A small cohort of firms built this correctly from the beginning. They are worth examining not as exceptional cases but as templates, because what they built is now simply what the rule requires.

The common characteristics are consistent. These firms maintain matter-level AI use logging in their own document management or practice management systems, independent of any vendor platform. They operate standardized, firm-owned prompt libraries that are versioned and retained like any other firm intellectual property. They require output review checklists that generate attorney-signed supervisory records attached to the matter file. They run scheduled export routines from vendor systems into firm-controlled repositories governed by the firm's own retention schedules rather than the vendor's.

The result is a governance layer that is vendor-agnostic by design. When the firm migrates from one AI platform to another, the supervisory record persists in firm-controlled infrastructure. When a disciplinary inquiry arrives, the firm produces its own documentation through its own systems. It does not file a customer support request with a former vendor and wait.

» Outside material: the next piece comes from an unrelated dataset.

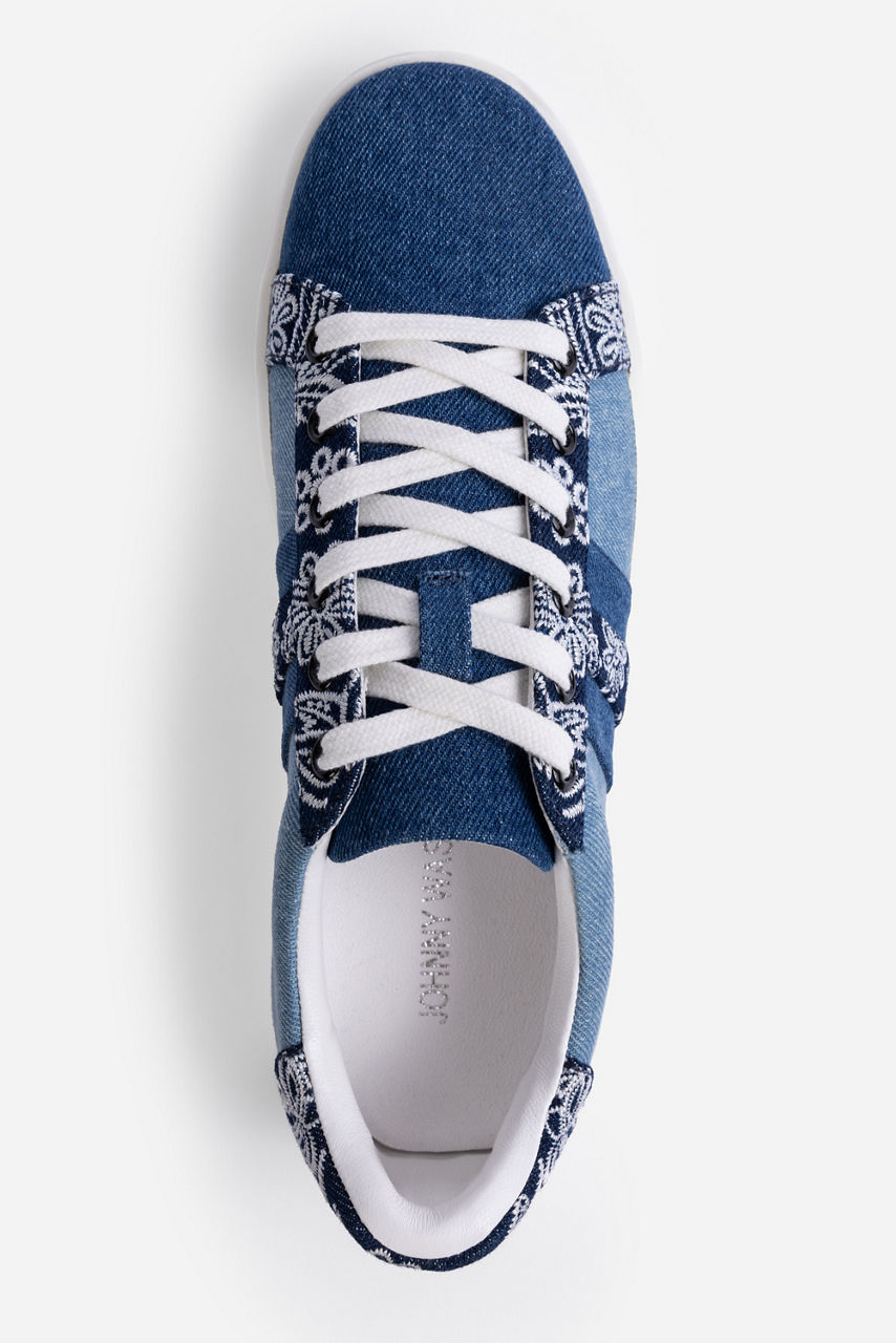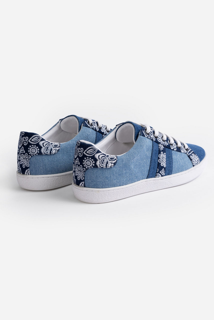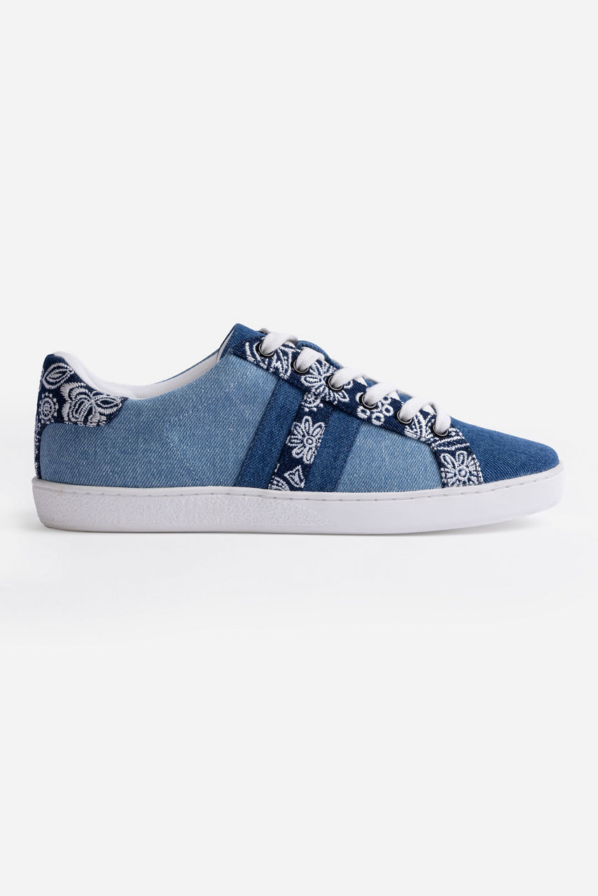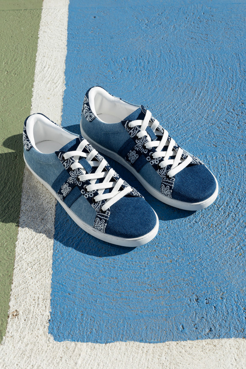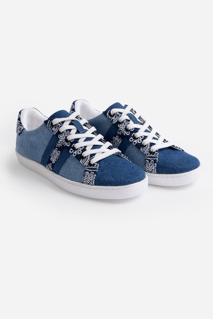 Washed in hues of blue, the Bandana Embroidered Denim Sneakers offer an elevated casual footwear option. Featuring a denim fabric upper embellished with striping fashioned from a classic bandana pattern, these comfy sneakers are finished with white laces and a pristine white outer sole. Pair with white chinos and a button-down for a polished weekend look.

This architecture is not technically complex. It does not require building proprietary AI infrastructure. It requires recognizing that the governance function belongs to the firm and investing accordingly: in DMS integrations, in protocol documentation, in retention policy alignment, and in the organizational discipline to treat AI supervisory records as professional records rather than vendor logs.

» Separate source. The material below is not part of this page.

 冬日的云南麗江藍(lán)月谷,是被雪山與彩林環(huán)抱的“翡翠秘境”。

The Window Is Narrower Than It Appears

The rule is expected to finalize in mid-2026. State adoption cycles will begin immediately in jurisdictions that move quickly: California, New York, and Illinois are the most likely first movers, and all three have substantial AmLaw 200 firm presence. The window between now and the first disciplinary actions under the new framework is real, but it is not generous.

The priority actions are specific. First, audit every active vendor agreement for data ownership provisions, log portability clauses, and post-termination data access rights. Second, establish firm-controlled supervisory documentation protocols that function independently of any single vendor relationship, before the rule finalizes and certainly before any contract lapses. Third, define operationally what explainability means at the matter level for each AI use case the firm has deployed: draft review, due diligence, research, contract analysis. Each use case has a different explainability profile and requires a different documentation standard. Fourth, construct retention schedules for AI supervisory records that satisfy the most demanding jurisdiction in which the firm operates, and verify that vendor data retention schedules are either aligned with or superseded by those firm schedules.

Firms that complete this work in the next two quarters will be governing proactively. Firms that wait for the rule to finalize, then wait for state adoption, then wait for the first complaint to test the framework, will be doing crisis governance, and the distinction between the two is not merely operational. It is, increasingly, the difference between a firm that can demonstrate supervisory compliance and a firm that cannot.

The ABA is not changing what supervision means. It is requiring firms to prove they have been doing it. The firms that handed that proof to their vendors in 2023 have work to do.